The concept of scleral stiffening therapies has emerged as a novel theoretical approach for treating the ocular disorders glaucoma and myopia. Deformation of specific regions of the posterior eye is innately involved in the pathophysiology of these diseases, and thus targeted scleral stiffening could resist these changes and slow or prevent progression of these diseases. Here, we present the first systematic screen and direct comparison of the stiffening effect of small molecule collagen cross-linking agents in the posterior globe, namely using glyceraldehyde, genipin and methylglyoxal (also called pyruvaldehyde). To establish a dose–response relationship, we used inflation testing to simulate the effects of increasing intraocular pressure in freshly harvested rat eyes stiffened with multiple concentrations of each agent.
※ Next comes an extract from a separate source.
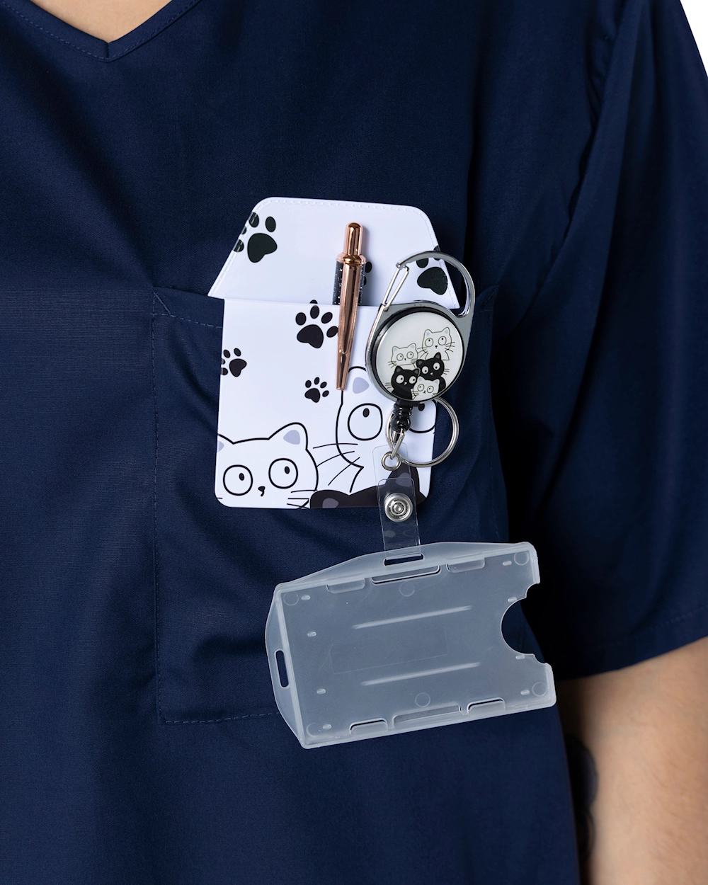 Tålig pennficka som skyddar mot bläckläckage, perfekt för vårdare. Denna hållbara accessoar kombinerar stil och säkerhet, och ger färg åt arbetsuniformen. Med många mönster och färger kan du uttrycka din personlighet utan att kompromissa funktionalitet. Perfekt för den som vill ha praktiska och snygga sjukvårdsprodukter.

We used digital image correlation to compute the mechanical strain in the tissue as a metric of stiffness, using a novel treatment paradigm for screening relative stiffening by incubating half of each eye in cross-linker and using the opposite half as an internal control. We identified the doses necessary to increase stiffness by approximately 100%, namely 30 mM for glyceraldehyde, 1 mM for genipin and 7 mM for methylglyoxal, and we also identified the range of stiffening it was possible to achieve with such agents. Such findings will inform development of in vivo studies of scleral stiffening to treat glaucoma and myopia.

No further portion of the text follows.